Capita, ancora, e questa è una faccenda tutta mia, che, trascorsi i quindici giorni necessari per attivare le convenzioni tra enti e l’assicurazione contro gli infortuni, il tirocinio abbia finalmente inizio e io debba trovare un compromesso continuo nei confronti di ogni partecipante. Da un lato, infatti, ho il contributo elargito sotto forma di borsa lavoro dalle varie ASL che si aggira intorno alle 120/200 € al mese -che corrispondono a circa 3/4 € all’ora-, dall’altro ho le esigenze del progetto terapeutico da portare avanti con i suoi obiettivi da salvaguardare, da un ultimo punto di vista ho l’articolato lavoro della Scuola da tenere sotto controllo.

Non è esaustivo risolvere la questione ponendola sotto l’ottica “i tirocinanti sono qui per imparare e quindi cosa pretendono?” poichè alcuni posseggono anni di esperienze di lavoro, nel loro passato, spesso non nel settore del verde, questo è vero, ma che lasciano, ugualmente, una capacità inconfondibile nell’approcciarsi ad esso; poi le competenze, con il tempo, si acquisiscono e si diventa capaci e funzionali.

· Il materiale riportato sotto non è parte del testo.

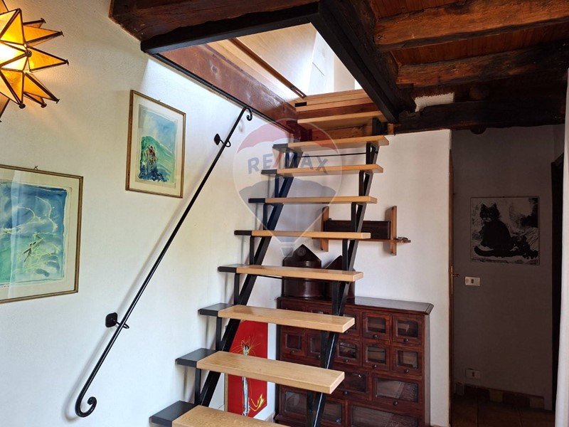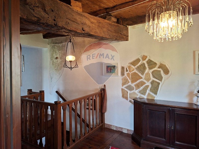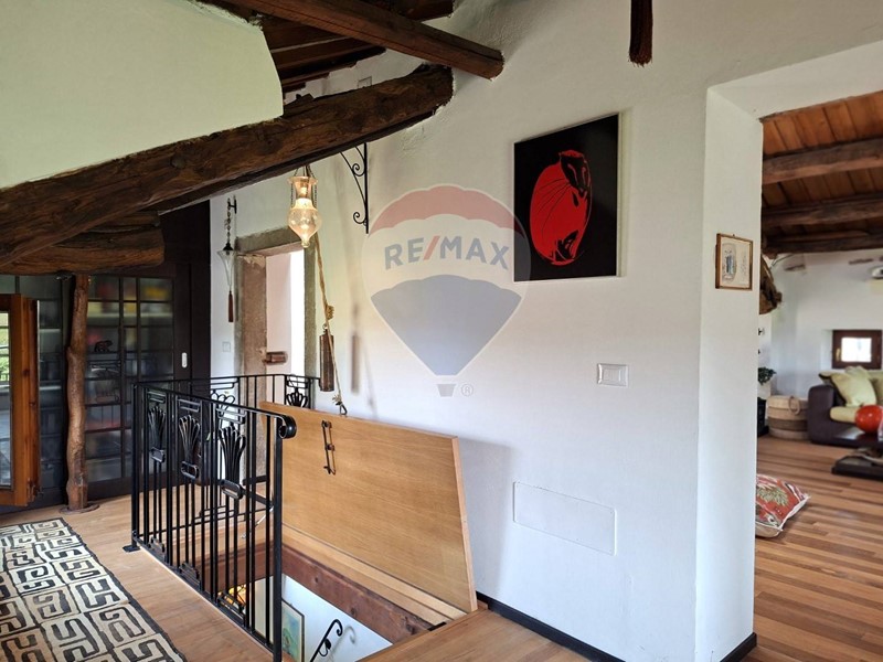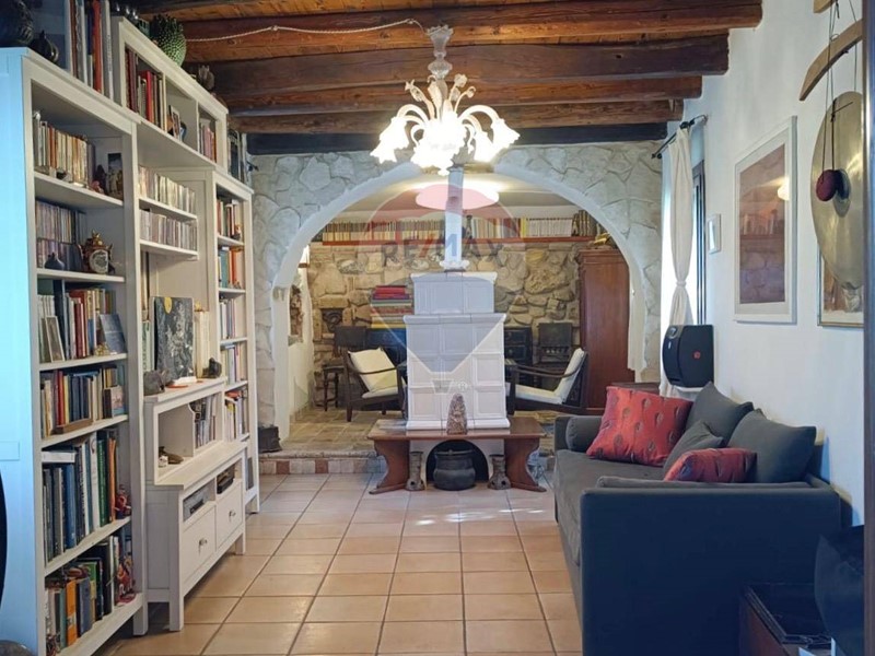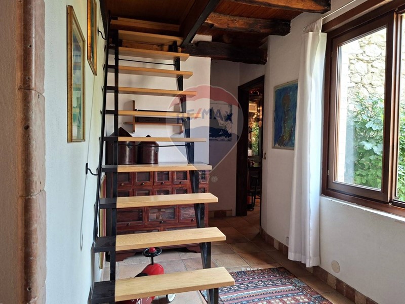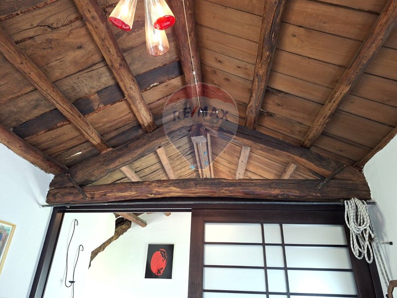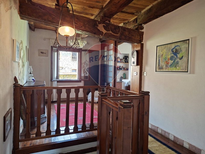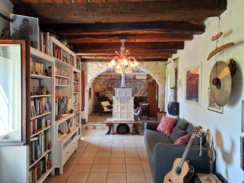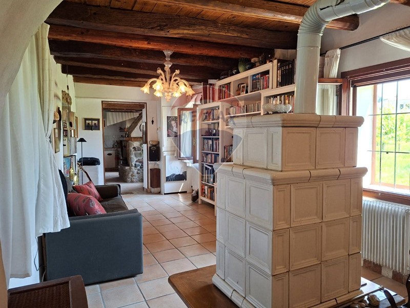 - Al piano terra una cucina abitabile, che mostra il sapiente recupero dell'antico focolare, introduce al salone con stube e zona relax sotto l'antica arcata. Un bagno con doccia e un sottoscala completa il piano terra.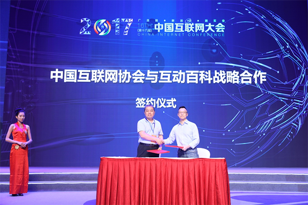 中國互聯(lián)網(wǎng)協(xié)會(huì)秘書長(zhǎng)盧衛(wèi)與互動(dòng)百科創(chuàng)始人潘海東董事長(zhǎng)簽署戰(zhàn)略合作協(xié)議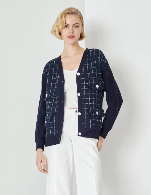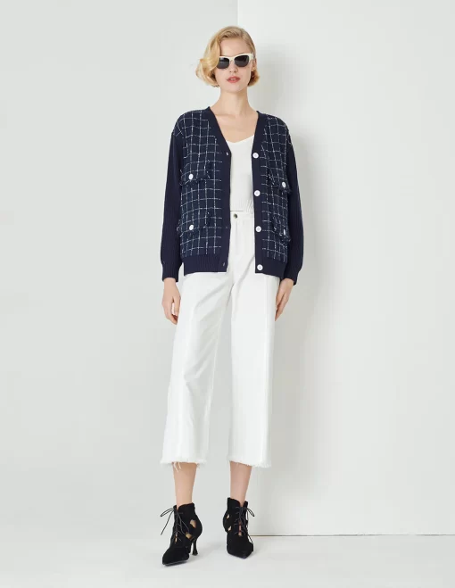 Be the first to review “MARYLING Blue And White Check Needle Shuttle Cardigan MIX | Womens knitwear” Cancel reply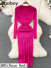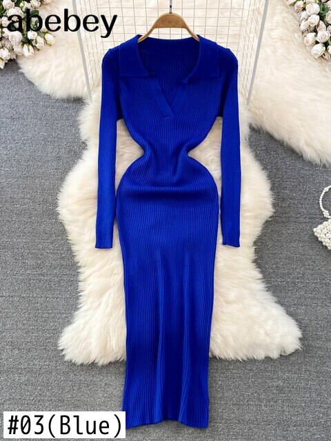 女性ニットドレス長袖 V ネック弾性スリムペンシルドレス 2022 秋のセクシーなボディコンセータードレス ロング エラスティック 伸縮 オータム 秋物 Vネック Abe29193708207

Risulta pure una contraddizione parlare di orientamento alla realtà quando poi l’obolo non copre che le spese di spostamento con i mezzi pubblici o l’auto…e in più c’è da lavorare! Non vorrei entrare nel merito di alcune storie personali, ma non tutti vivono economicamente tutelati in famiglia –e  comunque, anche questo, non è l’obiettivo che si pone un percorso riabilitativo esaustivo!- e che per alcuni tale obolo fa la differenza, qualitativa, del mese. Le riduzioni dei finanziamenti accorsi negli ultimi anni in conseguenza dei tagli alla spesa pubblica si stanno riflettendo, in modo evidente, su queste situazioni di vita quotidiana rendendo sempre più difficili i concetti che stanno dietro tali percorsi.

C’è chi ha tanto altro dalla vita ma c’è anche chi avrebbe solo un semplice tirocinio presso la Scuola Agraria del Parco di Monza… e non è che tutto ciò proprio capita!